Dois anos antes, em 2020, foi a única portuguesa seleccionada para a exposição de ilustração da Feira do Livro Infantil de Bolonha. “Foi uma surpresa, mas abriu-me muitas portas. Quando estás a começar é difícil, porque ninguém conhece o teu trabalho.” Agora é diferente. Amiúde, por entre os seus projectos pessoais, incluindo a edição da revista literária Limoeiro Real, surgem-lhe convites e oportunidades. “Estou a fazer um livro de não-ficção, para crianças a partir dos oito, o que envolve muita investigação, que adoro, e a desenhar para um outro, da APCC [Associação para a Promoção Cultural da Criança], com texto da Susana Moreira Marques, que admiro muito. Em princípio, esse sai ainda este ano. Tenho tido muita sorte.”
GONÇALO VIANA
O sonho sempre foi fazer carreira a desenhar, mas só depois de três anos em Londres, a trabalhar como arquitecto, é que Gonçalo Viana descobriu que, afinal, podia ser uma realidade. “Quando voltei a Lisboa, um bom amigo meu tinha começado a ilustrar. De repente, percebi que era um trabalho.” Agora não se vê a viver de outra coisa. Começou como cartunista no Diário Económico e desde então tem colaborado regularmente com a imprensa, em Portugal e no estrangeiro. Talvez pela forma singular como, com humor e poesia visual, desconstrói realidades complexas. Um talento que também lhe serviu na hora de se estrear na literatura para a infância, com Troca-Tintas e Haja Paciência (ed. Orfeu Mini). “As crianças não põem uns óculos especiais para andar no mundo, vêem as mesmas coisas que nós. É mais uma questão de temáticas e de linguagem. Em termos de ilustração, o que procuro é oferecer-lhes desenhos divertidos e surreais, porque apreciam o humor e a dissonância, e o mais importante, mais do que ensinar qualquer coisa, é fazer com que gostem de livros e gostem de ler”, diz-nos.

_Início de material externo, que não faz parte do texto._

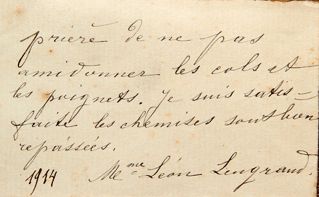 7 Août – Un appel téléphonique de France. Le maire de l’ile de Batz réclame sa fille et annonce « Qu’on dispose des draps et des serviettes en faveur des blessés ». Départ aussi des élèves irlandaises pour l’Angleterre via Ostende, s’il en est encore temps. Les autres pensionnaires restent. Nous espérons que les Allemands seront rejetés, sans retard, au-delà des frontières.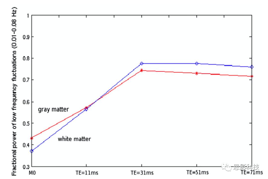 從圖2可以看出,WM中低頻帶的分數(shù)隨回波時間的變化而變化,并且與GM具有相當?shù)目杀刃?,這表明它們具有相似的生理起源和(潛在)意義。特別是在最近幾年,有幾份文章表明,在任務態(tài)下出現(xiàn)某些WM腦區(qū)的激活。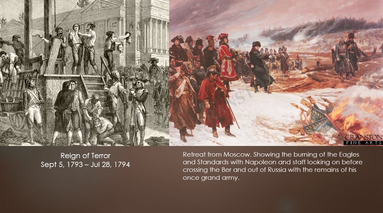In the above image to the right you can see one of the less romantic paintings of Napoleon, in his retreat from Moscow after having lost a good chunk of his army.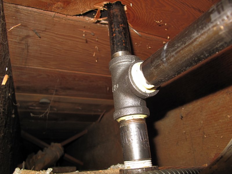 It turned out ok, elbow to be facing toward the kitchen. Attachment 40950 Next I'm moving toward the hole in the kitchen floor. Attachment 40951 Imagining where the next section will go. Attachment 40952 I decided to install the tee on this long straight pipe first, so over to the vise. |

“É um trabalho de amor. Primeiro porque, tal como quando trabalhava como arquitecto, há uma marca que fica, neste caso o objecto-livro. Depois porque, de certa forma, estamos a tocar na vida das pessoas. Por exemplo, o Troca-Tintas foi editado na Coreia e eu acabei por ver, já não me lembro como, um desenho feito por uma criança coreana que se inspirou no livro. E isso é fantástico, é como se uma parte de mim estivesse lá.” Para o ano há mais, revela. Está a trabalhar no próximo álbum ilustrado. Pelo meio, espera continuar a arranjar tempo para o essencial: “Para experimentar, para arriscar, para falhar.” O resto é o que chama “trabalho pão com manteiga”.
*Este artigo foi originalmente publicado na revista Time Out Lisboa, edição 671 — Outono de 2024.